AKP Genel Başkanı ERDOĞAN'ın; Çözüm Komisyonunun İmralı'ya gitmesi konusundaki görüşünü açıkça beyan etmemesi, CHP'yi kızdırmışa benziyor.
CHP bu konudaki tepkisini, ERDOĞAN
neden rengini belli etmiyor? diye sorarak ortaya koyuyor.
CHP'liler; gerçekten, 23 senedir birlikte aynı mecliste politika
yapmalarına rağmen, hala ERDOĞAN'ı
tanıyamamış olmalılar.
Bize göre, siyasi rakibini
yenebilmenin ilk koşulu; siyasi rakibini ve onun siyaset tarzını çok iyi bilmek
ve tanımaktır.
ERDOĞAN daha ne desin? Son
grup toplantısında yaptığı konuşmasında, Cuma günü (yarın) yapılacak oylamayla,
komisyon bu konudaki kararını alacak ve komu
oyuna açıklayacak demedi mi? Dedi tabi.
ERDOĞAN, daha ne desin?
CHP olarak sizler, komisyonda
görev alan AKP'li üyelerin ERDOĞAN'ın talimatıyla oy kullanacaklarını, ERDOĞAN'ın
talimatının bir milim dahi dışına çıkamayacaklarını nasıl bilemiyorsunuz?
Demek ki; AKP'li komisyon
üyeleri, kullanacakları oyların rengiyle,
ERDOĞAN'ın bu konudaki görüşünü açıklamış olacaklardır. Hele biraz bekleyin.
Kaldı ki; CHP olarak, göbeğiniz ERDOĞAN'ın göbeğine mi bağlı
sizlerin, o mu size yön verecek? Yan çizer gözükse de, rengini açıkça belli
etmese de, ERDOĞAN'ın bu konudaki rengi ve düşüncesi, doğal olarak belli.
CHP; sanırım mahalle
baskısının altında ezilmiş ve bu konuda
ne yapacağını bilemez durumda.
CHP; baştan hata yapıp
komisyona dahil olmasaydı, bugün, İmralı'ya gidilip gidilmemesi konusunda
komisyonda yapılacak oylamaya katılıp katılmayacağına karar vermek durumunda
kalmayabilirdi, ancak daha en başta iddialı sözlerle komisyona katılıp üye
vermekle, en büyük hatayı baştan yapmış
ve şimdi partinin muhtemel oy kayıplarını düşünerek bocalamaktadır.

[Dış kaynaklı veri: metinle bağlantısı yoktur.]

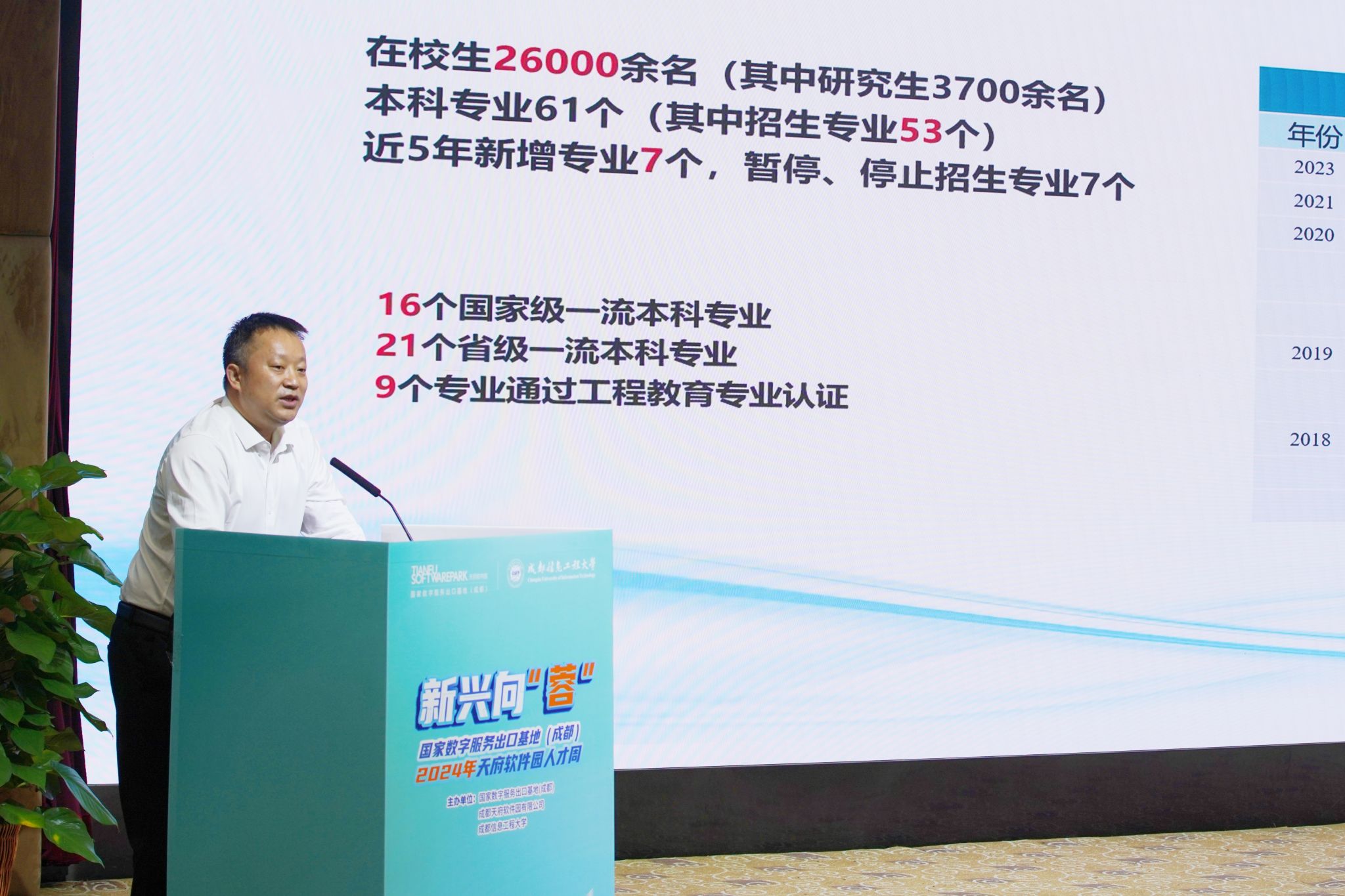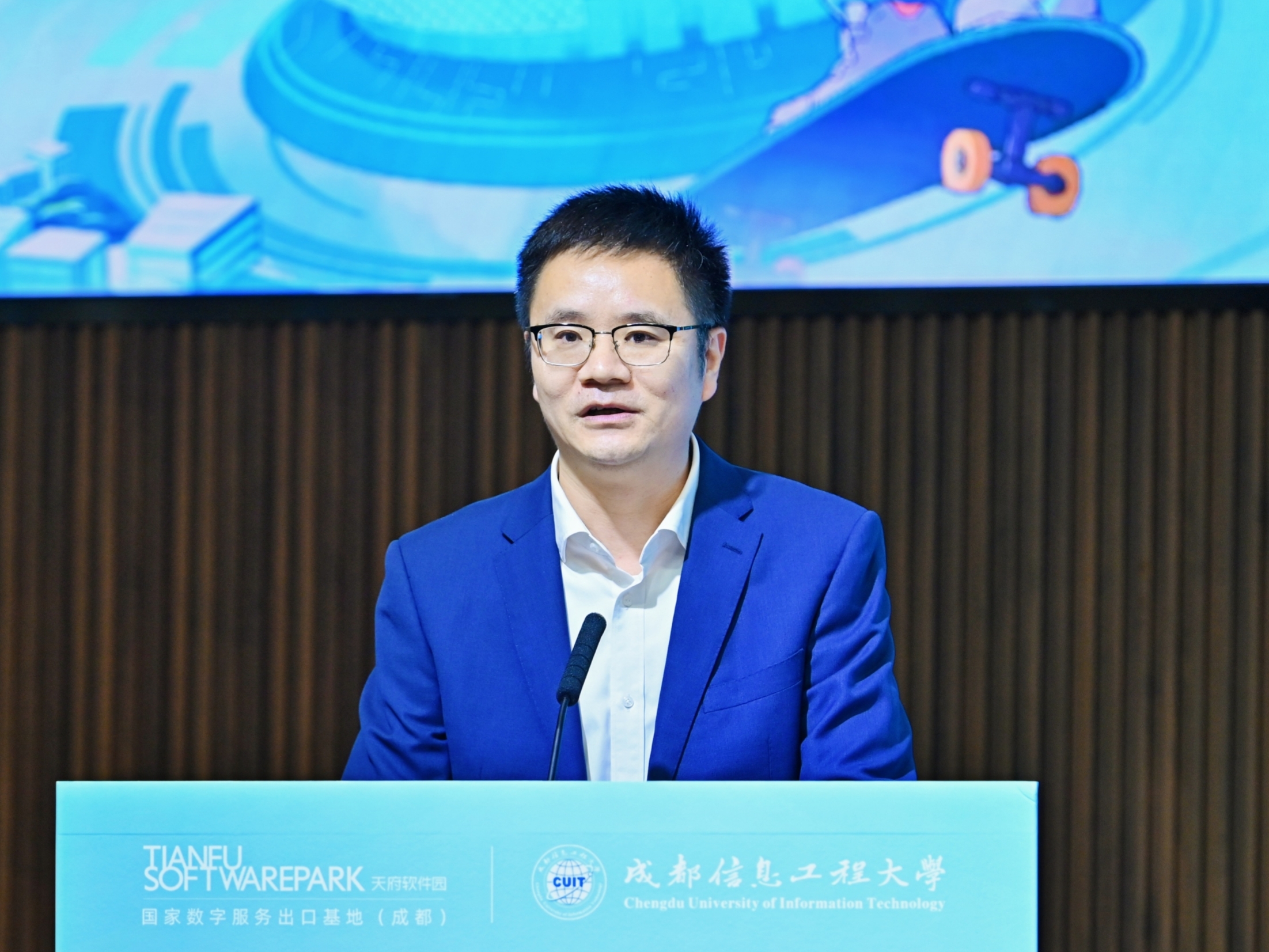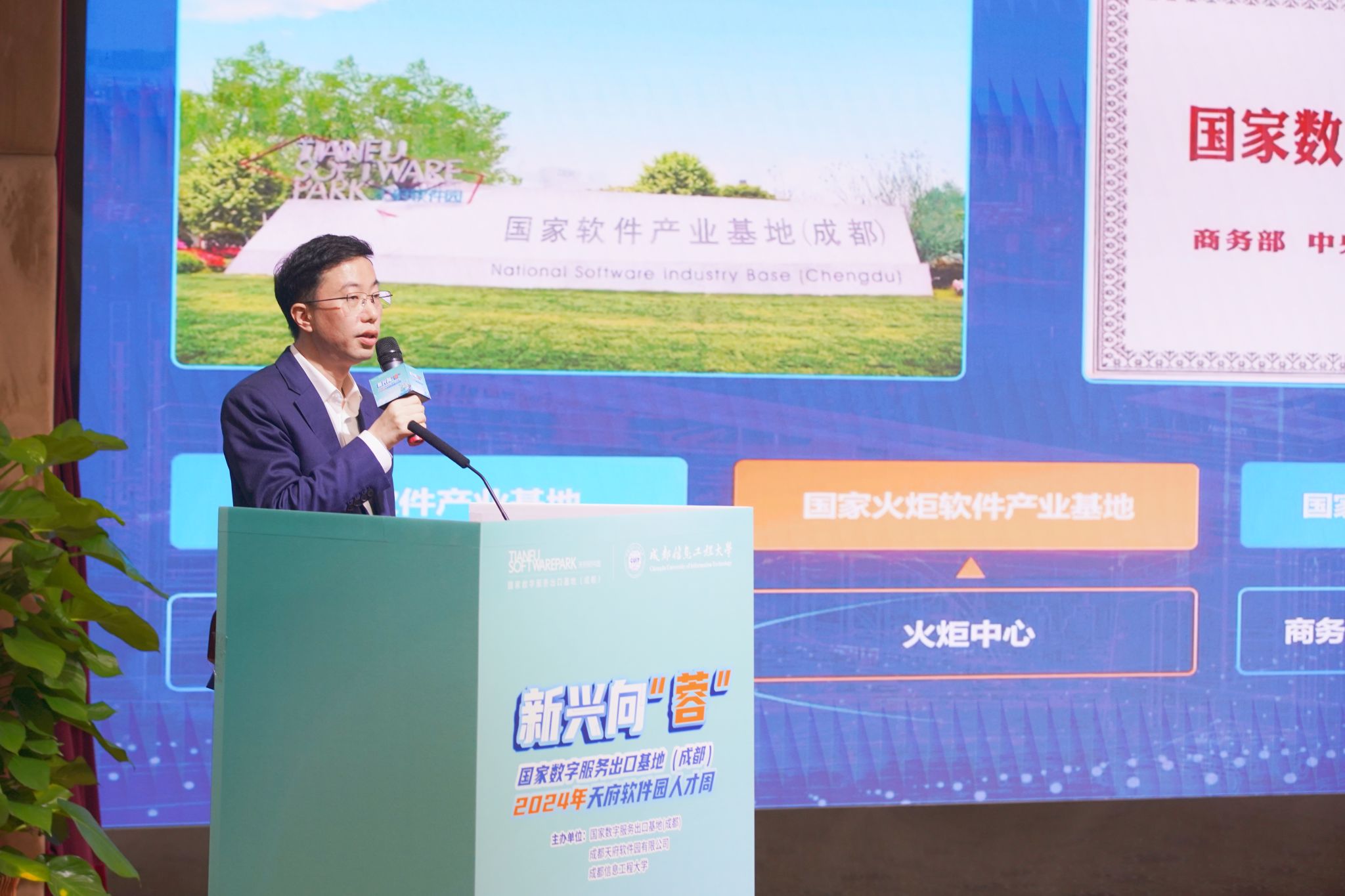何建新代表学校对各位领导嘉宾的到来表示欢迎。他谈到,近年来,学校与天府软件园在科研攻关、学生就业方面开展了广泛合作,期待双方开展更加深入广泛的交流合作,推进“教育、科技、人才”一体化战略部署,进一步构建科研联合攻关、人才联合培养、毕业生就业实习、资源成果共享的全面合作格局,为行业及地方经济社会发展做出更大贡献。

Kardeşim sen CHP olarak, CHP'nin
yer aldığı değil, asıl yer almadığı komisyonlar daha tehlikelidir diyerek
komisyona katılmaya ve üye vermeye karar verdiğine göre, bu kararın muhtemel
rizikolarını da baştan düşünmek zorundaydın.
Komisyona madem katıldın, komisyonun
İmralı'ya gidip gitmemesine ilişkin olarak alınacak karar oylamasına da CHP
olarak katılmak zorundasın.
Oylamaya katılırsın, ancak, İmralı'yı muhatap alarak İmralı'nın ayağına
gitmek siyaseten ve vicdanen işine gelmiyorsa, gidilmemesi konusunda olumsuz oyunu
kullanırsın.
Komisyonun karar alma
kurallarına göre; gidilmemesi yönünde
karar çıkarsa mesele kalmaz. Ancak, karar olumlu çıkar ve İmralı'ya gidilmesi
konusunda oy çokluğuyla karar çıkarsa da, en başından komisyona katıldığına
göre, komisyonun kararına saygı
göstererek İmralı'ya da gidersin ve orada olacaklara, yapılacak görüşmelere
tanıklık yaparsın, gerekirse bazı müdahalelerde, çekincelerde bulunursun. Yani,
komisyonda olmamız değil, olmamamız daha sakıncalıdır demiştiniz ya, işte
İmralı’daki görüşmelerde de hazır bulunarak olası sakıncalara panzehir olursun.
Bu yazıyı okuyacak peşin
hükümlü ve fanatik CHP'lilere peşinen
söyleyeyim, ben de bir CHP seçmeniyim, komisyondaki oylamaya katılarak olumsuz
oy kullanmalarına rağmen İmralı'ya gidilmesine yönelik olarak oy çokluğuyla
alınacak karara engel olamazlar ve hatta İmralı'ya gidecek olsalar da, oy'um
yine helalinden CHP'nindir.
CHP baştan aldığı yanlış
kararla komisyona dahil olduğuna göre, oy kaygısına düşmemeli, komisyondaki
oylamaya katılmalı, oylamadan İmralı'ya gidilmesi kararı çıkarsa gitmeli ve o
görüşmelere tanıklık etmelidir. İlkeli ve cesur siyaset bunu gerektirmektedir.